Macht Bayern wieder Jagd auf BVB-Stars?

Schon vor dem Top-Spiel hatte Hoeness bekannt gegeben, wen er sehr gerne im Trikot von Bayern München sehen würde: Kylian Mbappé. Der 66-Jährige ist sich aber bewusst, dass ein Wechsel des Weltmeisters nach Deutschland nicht sehr realistisch ist – und selbst für grosszügige Bayern wohl zu teuer. 

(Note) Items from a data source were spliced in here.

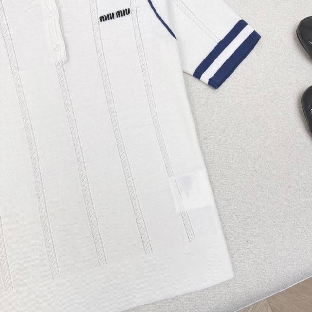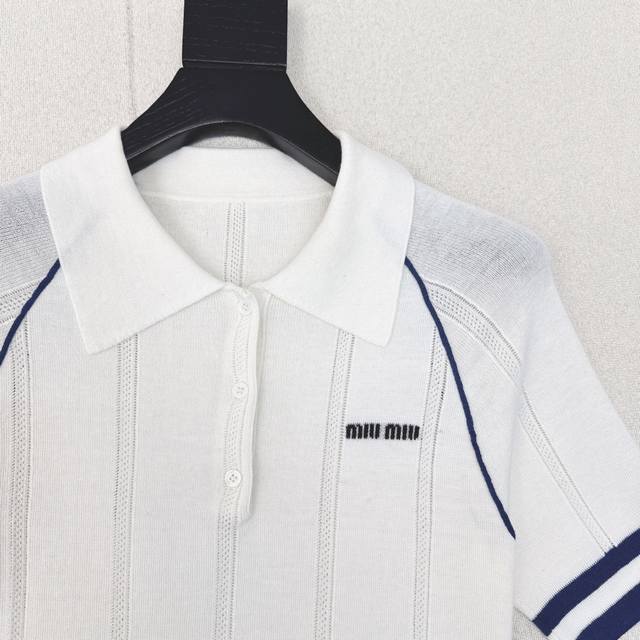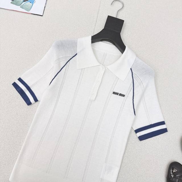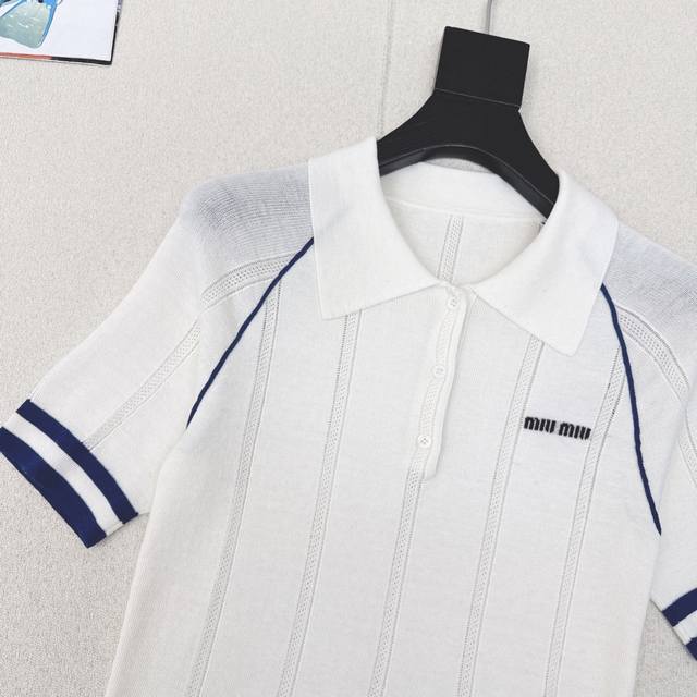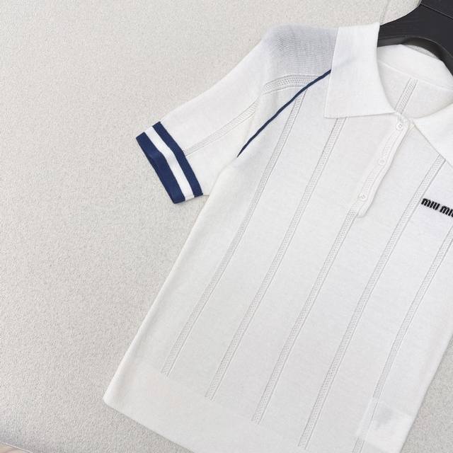 miu 25Ss The Latest Spring And Summer Lapel Sweater, A Must-Have For Everyday Use, A Timeless Fashion Element, Casual Yet High-End Knitted Quality T-Shirt Is Unmatched, Can Be Easily Matched With Jeans For Dating Or Shopping, All In One Color, In Stock For Sale Sml S Size, Bust 80, Length 55, Manual Measurement May Result In Errors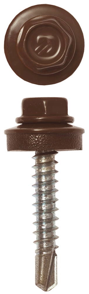 ПроизводителиСаморез кровельный для дер. обр. Ø 29x4.8мм RAL 8017 коричневый 2500шт. (4-300310-48-029-8017) ЗУБР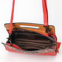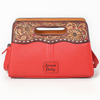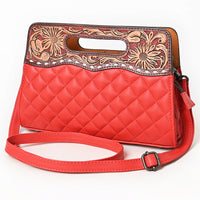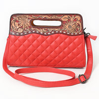 ADBG1677A Red Quilted Leather Cut-Out Clutch Bag with Tooled Floral Top - American Darling

Dann bedient man sich am Ende womöglich doch lieber wieder beim Erzrivalen aus Dortmund, wie es die Münchner in den vergangenen Jahren mit Robert Lewandowski, Mario Götze und Mats Hummels gemacht hatten. Mit Jadon Sancho (18 Jahre alt), Jacob Bruun-Larsen (20) und Manuel Akanji (23) hat der BVB erneut grosse Talente in den Reihen, die bereits zum Stammpersonal gehören.

So leicht wie in Vergangenheit wird es für die Bayern laut Dortmunds Geschäftsführer Hans-Joachim Watzke aber nicht mehr werden. «Zu Zeiten von Lewandowski und Götze konnten wir uns noch nicht wehren. Dass im nächsten Jahr einer von unseren Jungs das Trikot von Bayern München trägt, würde ich ausschliessen», verkündet Watzke, der ebenfalls in der «Sky»-Sendung zu Gast war. «Wir haben da ein bisschen vorgesorgt. Bei uns gibt es keine Ausstiegsklausel.»